Someone else’s bad news may be good news. I came across a liberal blog that was complaining that Congressional Democrats have withdrawn legislation to require abortifacients to be stocked on all military bases. Foeticide activists are outraged.

“The situation is unconscionable,” says Vicki Saporta, president of the National Abortion Federation (NAF). “If you are a military woman in Iraq, and you are raped, it is this country’s obligation to make sure you have access to emergency contraception.” Something tells me that Saporta would feel the same way if you are a military woman in Iraq and can’t keep your legs closed. After all, you wouldn’t be surprised to know that the NAF favours the absolute right to abortion on demand.

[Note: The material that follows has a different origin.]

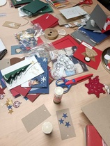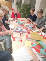 Kässämartat ahkeroivat kortteja Tapanilan vuoden 2023 joulumyyjäisiin.

Saporta is concerned about this because a survey paid for by the US Defense Department found that almost a third of military women reported being the victim of rape or attempted rape during their tenure in the military. Of course this raises two issues that she doesn’t address – why aren’t a third of male soldiers being charged with rape or attempted rape and what are women doing in a war zone? Resolving the latter might solve some of the problem – forget the silliness that women belong in combat situations with men.

But back to the main issue. Cases of pregnancy from rape are very rare. Nonetheless, this is always dragged out as an excuse for protecting foeticidal rights. It’s emotive, but philosophically useless. One crime is unrelated to the other. If every new life is uniquely its own, the circumstances under which it was created are irrelevant.

I suppose the NAF can’t make an strong a case if they say men and women living together in close proximity, in an emotionally charged atmosphere is asking for at least the same level of fornication as you get in civillian society. They don’t want to say that if we are going to pander to those who can keep their pants on outside the service, then we should at least equally provide for them in the service.

I just have to mention one other thing about the NAF. Their website has lots of information on how to stop Crisis Pregnancy Centers.  Instead, the NAF has a toll-free hotline which “offers women unbiased, factual information about pregnancy and abortion in English, Spanish and French.” Did I mention that the NAF is, openly and by its own admission, a professional association of abortion providers. Surely they have no vested interested in shutting down CPCs and anything they tell you about abortion (except about the wads of cash they are stuffing into their pockets and what they do with the chopped up little bodies) is trustworthy.

Online Regulation

Tony Blair is taking his final pot shots before leaving office in a fortnight. He unloaded on the media today.

What worries him most is the online media. He wants a new online journalism regulator.  He said it in such a logical way. Currently the newspapers have the PCC and the broadcasters have OFCOM. As Tony said, “As the technology blurs the distinction between papers and television, it becomes increasingly irrational to have different systems of accountability based on technology that no longer can be differentiated in the old way.” He called online reporting “more pernicious and less balanced”.

The problem is that the newspapers are owned by huge media companies. Likewise, the broadcasters are huge organisations. Once it covers online journalism, every blogger becomes subject to Government regulation.

Once Government regulation steps in, freedom of the cyberpress is in danger. It is not big media giants that will be stepped on – the Government has to grovel at their feet to assure that they are favourably reported. For the small fry, the protection is not there. For a Government that has shown increasing tendency toward totalitarianism with an emphasis on the restriction of, and tailoring of, information, the temptation to squash objectionable independent reporting and commentating may prove too strong.